The catacombs are a place of spiritual pilgrimage, a powerful experience and at the same time a romantic reverie on the passing of time. In fear of epidemics and according to custom the Romans buried their dead outside the city walls: along the Via Appia, stretch the tombs of Romans, Christians and Jews, and, for the less wealthy, the catacombs, whose multi-level galleries and niches (loculi) form a labyrinth carved into the tuff.
Christians and Jews buried bodies, while Romans cremated corpses and deposited ashes in urns. Embalmed or shrouded bodies of Christians were placed on rock shelves, placed under marble slabs in the floor or in family crypts.
The Catacombs of St. Callixtus are among the largest and oldest in Rome. They were built around the middle of the second century. Their name comes from the name of the deacon Callixtus, whom Pope Zephyrinus appointed to manage the cemetery in the early third century. It was then that the Catacombs of St. Callixtus became the official cemetery of the Church of Rome.

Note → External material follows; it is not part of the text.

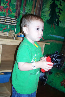Okay, okay, I know that I have been a little picture happy, but I cannot help that my boys are absolutely adorable. We went to the Great Wolf Lodge April 16-18th to have a short family vacation and boy did we ever need one. We went to a presentation where they try and sell you stuff, and got a 3 day 2 night stay at the GWL. We thought that was a great deal and both Matt and I are good at telling them NOPE not right now. The picture above was a gift shop there at the lodge. Jared loves stuffed animals and is so cute when he gives them hugs. I couldn't capture a hug on camera though as he is so quick.

The network of corridors in the cemetery complex of which the Catacombs of St. Callixtus is a part is about 20 kilometers long. Sixteen popes and almost half a million people have been buried here.
The holiest and most important place in these catacombs is the so-called Crypt of the Popes, discovered by the great archaeologist Giovanni Battista De Rossi in 1854 and called by him "a small Vatican, the main monument of all Christian necropolises." It was created at the end of the second century as a private cubiculum (burial room). After the area was donated to the Church of Rome, the cubiculum was restored and transformed into a crypt; it became the burial place of popes from the 3rd century. Nine popes and eight third-century bishops were buried in this crypt. On the walls are the original tombstones of 5 popes; their names are written in Greek, according to the official practice of the Church of that time.